A U.S. House subcommittee heard testimony this week about river flooding. Tom Waters, Chairman of the Missouri Levee and Drainage District Association, said the flooding is far from over and he wants federal officials to act quickly to get levees repaired.

This is the aerial view of flooding in northwest Missouri taken on March 21, 2019 (photo courtesy of Governor Mike Parson Twitter page)

“We know it’s going to be high – above flood stage – probably through the rest of this summer, fall and into winter. With over 100 levees breached along the Missouri River, flooding is going to continue to be a problem.

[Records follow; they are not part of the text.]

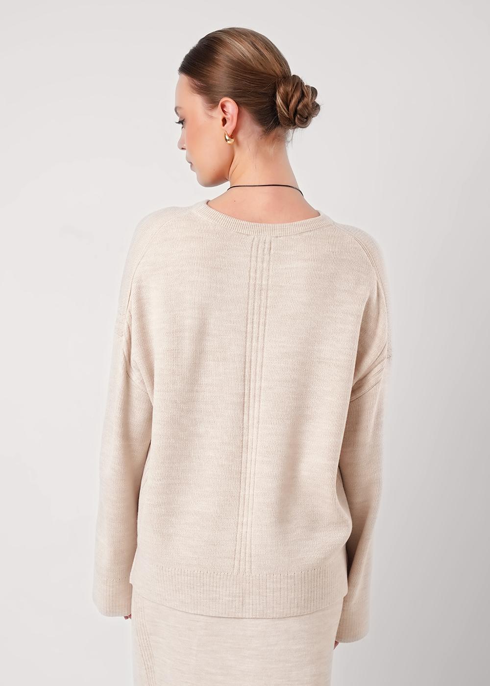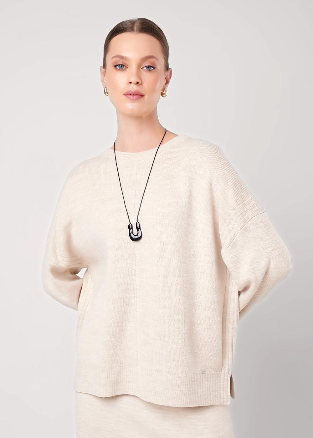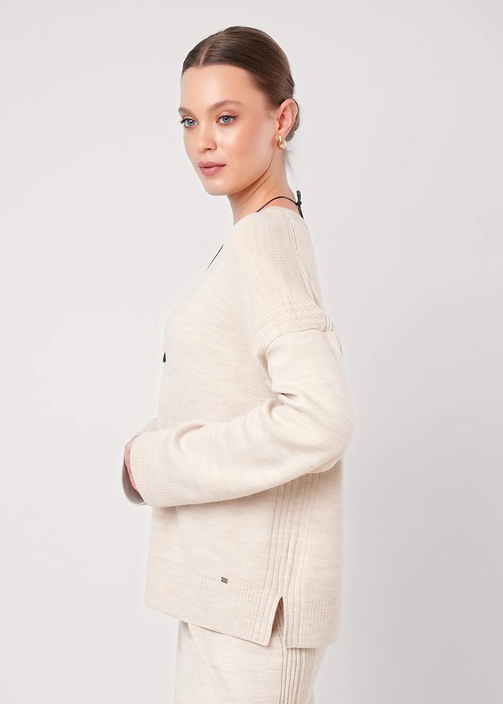 Описание: Вязаный джемпер из акриловой пряжи, переплетение гладь,свободного силуэта.Округлая горловина с бейкой. Длинный рукав со спущенной линией плеча.Вертикальные полосы сбоку и пройме. По низу изделия и рукавов широкие манжеты. Боковые разрезы, нашивка металл.
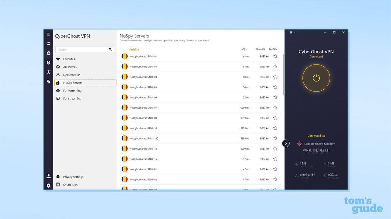 On the NoSpy information page on its website, it also mentioned it has ‘many colocated servers’ which are hosted by a third-party data center, but owned and operated by CyberGhost. The VPN claims this has benefits, one of which is the ability to "choose top-tier server hardware to give you better performance," and "configure the server and equip it with the latest technologies."
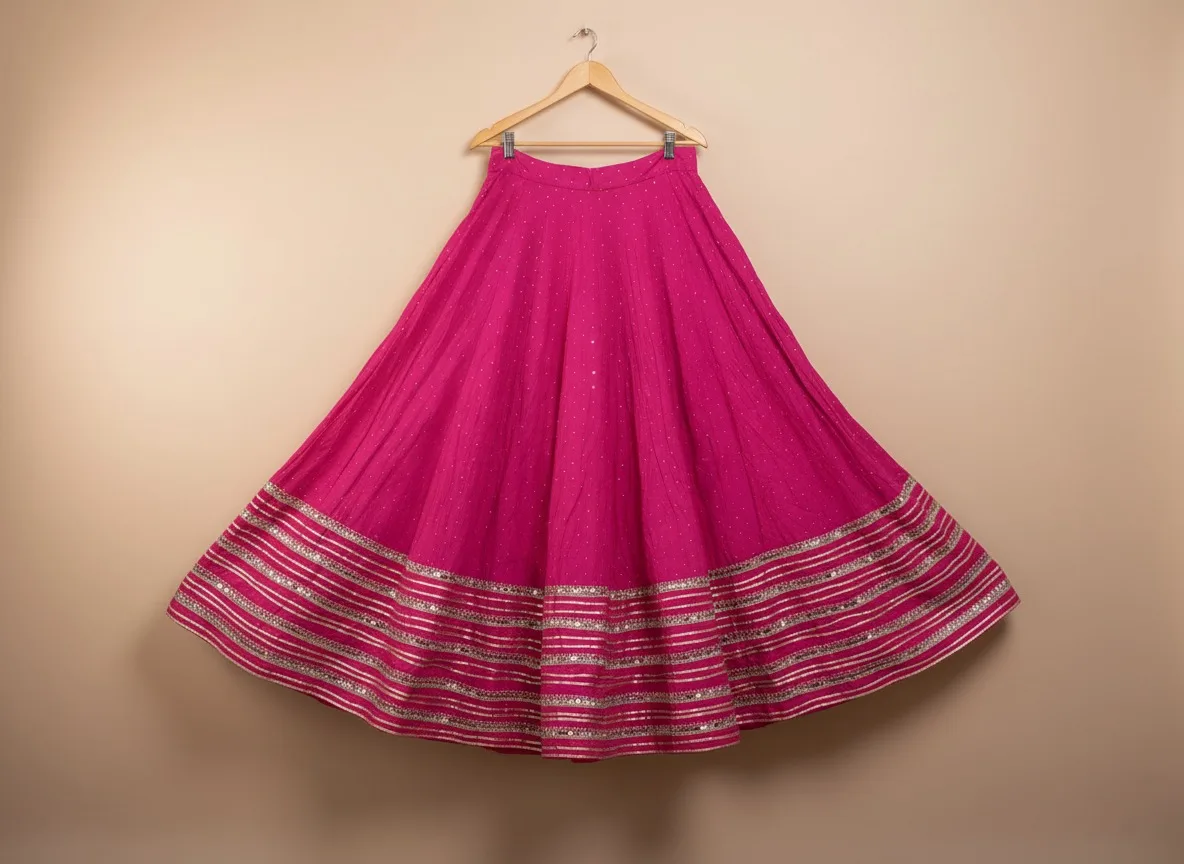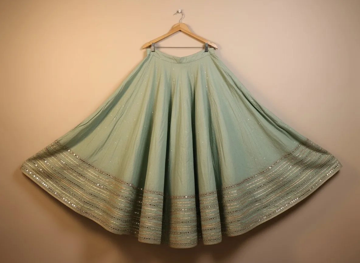 Chandrakala flared skirt with zari sequins all over and multi-tiered gold zari hem border with 8mtr flair—festive sparkle for sangeet and mehendi looks, fits 42-45.
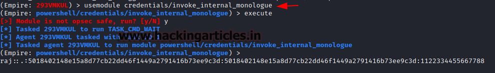 In case, the attacker decided to compromise the target machine through the PowerShell Empire and has an agent active, then they can perform a downgrade attack directly from PowerShell Empire. Inside the Credentials, the PowerShell Empire has a module called invoke_internal_monologue that essentially performs the same attack as the executable discussed earlier. This method doesn’t involve transferring an executable and running it on the target machine is much stealthier.

It’s going to take a long time to recover these levees,” he said.

Waters, a seventh-generation farmer, said the failed experiments must end.

“This was once a highly-engineered system, but over the past 20 years, it’s been used to conduct supersized science experiments for two birds and a fish. These experiments have decimated the flood control system,” he said. “We’ve reached a tipping point and we can no longer continue to conduct failed experiment after failed experiment at the expense of people’s lives and livelihoods. I said lives because people have died.”

Waters thinks the federal government will take several years to rebuild the levees.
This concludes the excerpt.